Почему он, Данилин, вечно должен отдуваться за чьи-то чужие решения? Должность у тебя такая, вот почему, за это тебе деньги платят, и немалые, говорил в таких случаях Игорь и был, конечно, прав. Теперь я кто угодно, только не журналист, думал Данилин. Административные дела, да, экономика газеты, еще как, ну и вот дипломатия — вверх, вниз и во все боковые стороны, это сколько угодно. А журналистика? Ну, разве что совсем чуть-чуть.
Вот, наверно, почему еще история с письмом казалась такой притягательной — все же она относилась напрямую к добыче материала. И какого материала!
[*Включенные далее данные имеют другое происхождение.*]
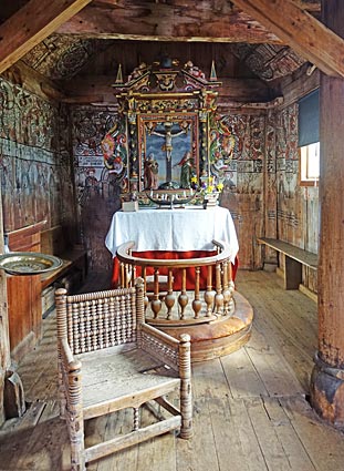 Die Altartafel stammt aus den 1690er Jahren, Der prachtvoll gedrechselte Stuhl war wahrscheinlich dem Bischof vorbehalten. > |

Между летучками и собраниями пробился к Данилину Миша Филатов — военный корреспондент. Когда-то он был прикреплен к «Вестям» от Главпура — политического управления Советской Армии. Когда Главпура, вместе с КПСС, не стало, Миша должен был сделать выбор — либо возвращаться в армию с весьма смутными перспективами, либо уволиться и остаться в газете. Элементарный здравый смысл подсказывал второе. Но помимо материальных соображений, Мише вообще вольная штатская жизнь в «Вестях» пришлась по душе, а он в свою очередь понравился коллективу — легким, незаносчивым характером, грубоватым чувством юмора, работоспособностью. Его связи в военной системе, в том числе в разведке, были очень газете полезны. Ну а политические взгляды… Не был, конечно, Михаил записным либералом, вовсе нет, но и на идеологию не был заморочен, смотрел на это дело легко, как на нечто факультативное. «Есть же у нас свобода вероисповедания? — говаривал он. — Ну и пусть себе каждый верит во что хочет, хоть в коммунизм, хоть в антикоммунизм, хоть в бабаягизм, да на здоровье! Главное, чтобы это делу не мешало, а также здоровому питанию и умеренному, но регулярному употреблению коньячка и водочки!»
Иногда Данилину казалось, что Миша отчасти прав. Кто знает, может, далеким потомкам наши идеологические распри тоже покажутся чем-то столь же абстрактным, как нам сегодня средневековые споры вокруг каких-то церковных догматов и ритуалов. А ведь жившим в ту пору их идеологическая борьба тоже представлялась чем-то сверхважным, вопросом сути бытия, жизни и смерти. И в самом деле из-за этих различий убивали, сжигали живьем, кончали с собой.
В тот день Миша пришел напомнить об обещанном повышении зарплаты — ведь он фактически работает как спецкор. А получает чуть ли не как стажер. Раньше это все компенсировалось надбавками за звание и за выслугу лет. Но теперь-то на гражданке, и при мизерных гонорарах, стало тяжко семью кормить…
Данилин обещал вернуться к вопросу о Мишиной зарплате, но заодно решил письмо ему показать. Миша учил английский в школе, а потом еще продолжал в Военно-политической академии. Но практики у него не было. Вдобавок он никогда не сталкивался с рукописными текстами. А потому, читая, долго морщил лоб, шевелил губами, хмуро смотрел в окно, что-то вспоминая. Потом говорил: а это что за слово? Что-то почерка не пойму. Или: ага, это киднеппинг, это ежу понятно… Ну, КГБ, он и в Африке КГБ… Кей-Джи-Би по-ихнему… А вот это что? Аунт? Онт? Тетушка, при чем тут, к ляду, какая-то тетушка? А вот это что за слово? Хевиз какие-то… Крепкие такие ребята, да? А я, стало быть, тоже могу под таким названием фигурировать? Я что — «хеви»? А я думал, я — чмо, то есть этот, мачо… Ну, то есть я и то и другое, я же в Зеленограде живу… А это еще что такое — фагз? Ну да, звук межзубный — сроду я не мог язык так просовывать — гадость вообще… И зачем, спрашивается, так над речевым аппаратом издеваться?